Are you sure you understand it? Insider trading is not limited to employees, that's a common misconception.
I don't know the German law on the matter, but I would wager that the prosecution was warranted, even when the court ends up determining that the charge doesn't hold.
You definitely do not understand the word, because it is not limited to people, the word "insider" is limited to the information: is the information publicly available? If the answer is "no", then it is "inside" information, and trading on it is "insider trading".
These short sellers were trading on publicly available information. They just gave this information more publicity after getting their short positions, which is what you should do if you discover a market inefficiency that nobody else has discovered yet. That's your reward for making the market more efficient.
BaFin claims that this is insider trading was BS then and is BS now. They just don't understand how markets work, what their job is, and as a consequence did a poor job.
> These short sellers were trading on publicly available information.
We're talking about positions that were opened right before the FT article was published.
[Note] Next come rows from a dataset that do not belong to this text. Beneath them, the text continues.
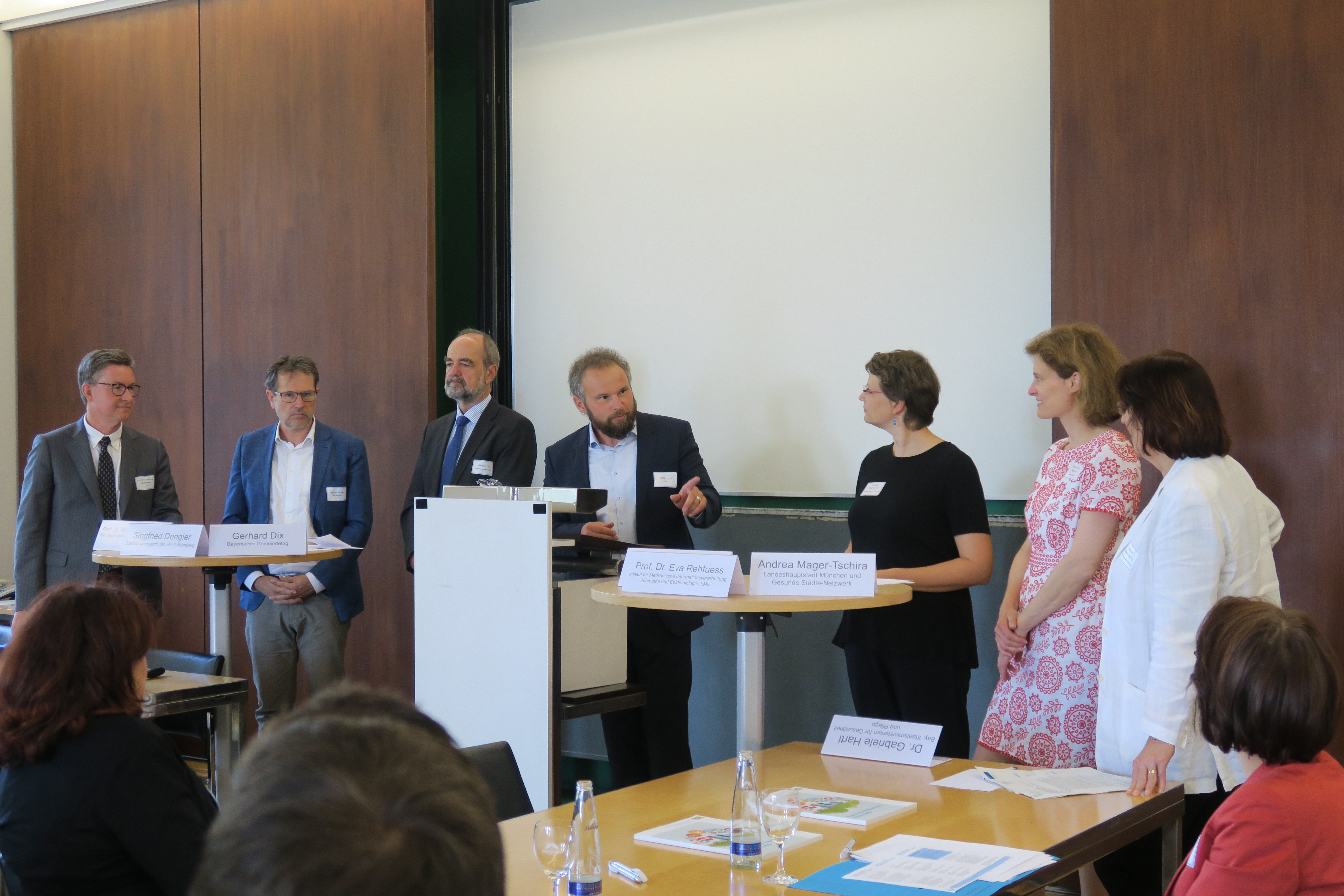 Inwiefern HiAP deutschland- und bayernweit Einzug gehalten hat, muss differenziert betrachtet werden. Das Bewusstsein für mehr intersektorale Kommunikation, Zusammenarbeit und Engagement für Gesundheit ist da, erfordert aber auch eine konsequente Umsetzung. Prof. Dr. Wolfgang Caselmann (Bayerisches Staatsministerium für Gesundheit und Pflege), Siegfried Dengler (Stadtplanungsamt Nürnberg), Gerhard Dix (Bayerischer Gemeindetag), Andrea Mager-Tschira (Landeshauptstadt München und Gesunde Städte-Netzwerk), Prof. Dr. Eva Rehfuess (Ludwig-Maximilians-Universität München) und Franziska Solger-Heinz (Gesundheitsregionplus Passauer Land) waren Teilnehmer der Podiumsdiskussion und schilderten ihre Erfahrungen und Einschätzungen.
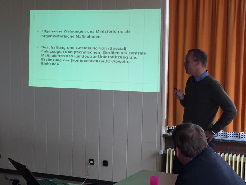 BOI Marko Lammerskitten berichtete über die Überörtliche geplante Hilfe in Bezug auf den Bereich ABC. Er stellte den ABC-Zug NRW, die ABC-Bereitschafft NRW und den Messzug NRW vor. Die im Kreis Steinfurt vorgehaltenen Komponenten wurden ebenfalls angesprochen und erläutert, die ABC-Züge Emsdetten und Ibbenbüren, die ABC-Erkunder NRW in Laggenbeck und Rheine sowie die Messleitkomponente Rheine und die DEKON-Komponenten des Kreises wurden vorgestellt.
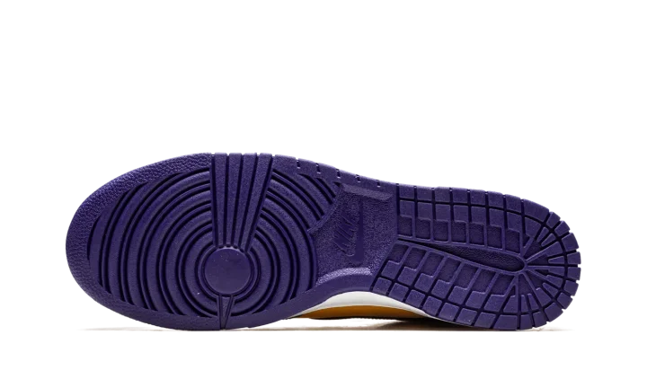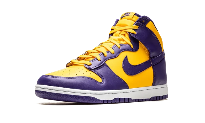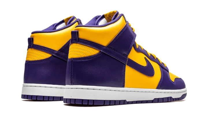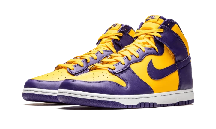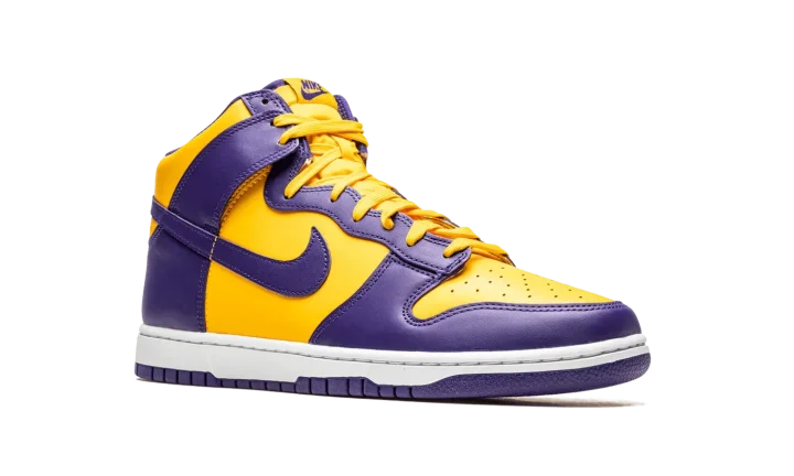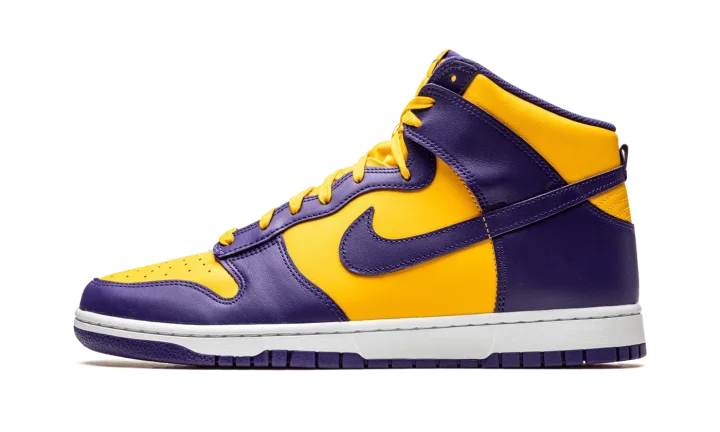 The Nike Dunk High "Lakers" is a colorway of the vintage basketball shoe that features the team uniform colors of the Los Angeles Lakers. The two-tone, yellow-and-purple "Lakers" Dunk High was released ahead of the '22-23 NBA season in September 2022. Sans official Lakers branding, the design nonetheless salutes the storied basketball team with its University Gold leather base with contrasting Court Purple leather overlays and Swoosh branding. The "Nike" and Swoosh logos on the yellow nylon tongue are also designed in purple. Yellow laces, a white midsole, and purple rubber outsole complete the look. Release date: September 22, 2022

The FT article included allegations by an insider, it wasn't only public information.
Granted, there was also publicly available circumstantial evidence that things were fishy at Wirecard.
Either way, these short sellers weren't convicted, that doesn't mean they shouldn't have been investigated.
The earliest article I can find from the FT that references insider allegations of fraud is https://www.ft.com/content/03a5e318-2479-11e9-8ce6-5db4543da..., which was published almost three years after the report referenced in the Yahoo article. What article was this supposedly timed with?
I don't know the German law on the matter, but I would wager that the prosecution was warranted, even when the court ends up determining that the charge doesn't hold.